Misreadings and oversimplifications

  1. Misreading 1: ReAct is just "letting an LLM call tools". Clarification: tool calling is one component. The real contribution is forcing strict alternation between Thought and Action. WebGPT calls tools too; Toolformer calls tools too; neither has a Thought slot. ReAct's key is not that you can call but that you must think before calling and after calling. Reducing ReAct to "LLM + tools" loses the central reasoning-acting synergy lesson.
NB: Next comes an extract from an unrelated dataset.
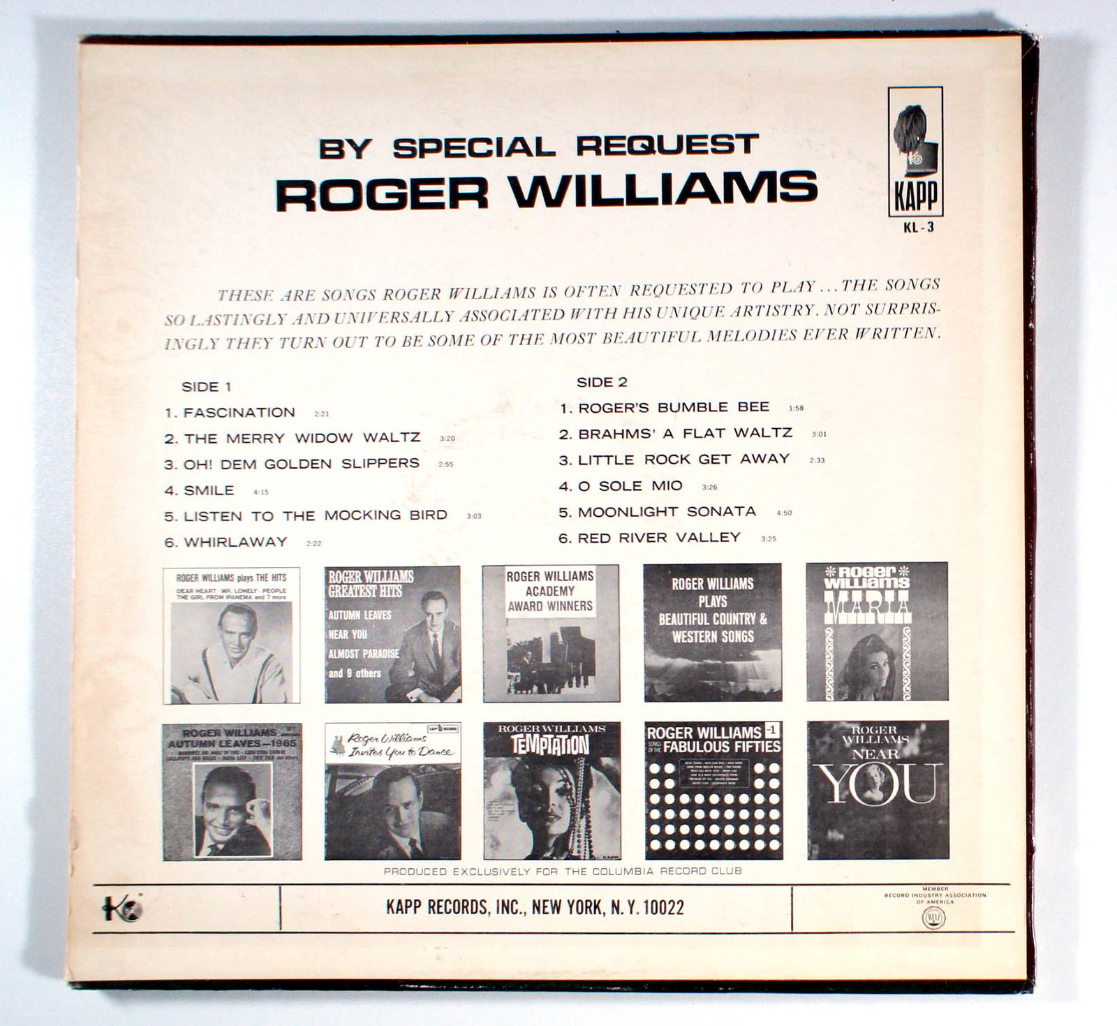 By Special Request, by Roger Williams, is a record of songs Roger Williams is often requested to play...the songs so lastingly and universally associated with his unique artistry. Not surprisingly they turn out to be some of the most beautiful melodies every written. (liner notes)

  2. Misreading 2: ReAct is a prompt-engineering trick — minor. Clarification: ReAct elevated prompt engineering to a protocol layer. The Thought-Action-Observation triple became the de-facto standard for LangChain, AutoGPT, OpenAI function calling, Claude tool use — it defines the very category of "LLM agent". Calling ReAct a trick is like calling TCP a trick: it is not an algorithmic ML innovation but an interface-standard innovation, which is the deeper kind.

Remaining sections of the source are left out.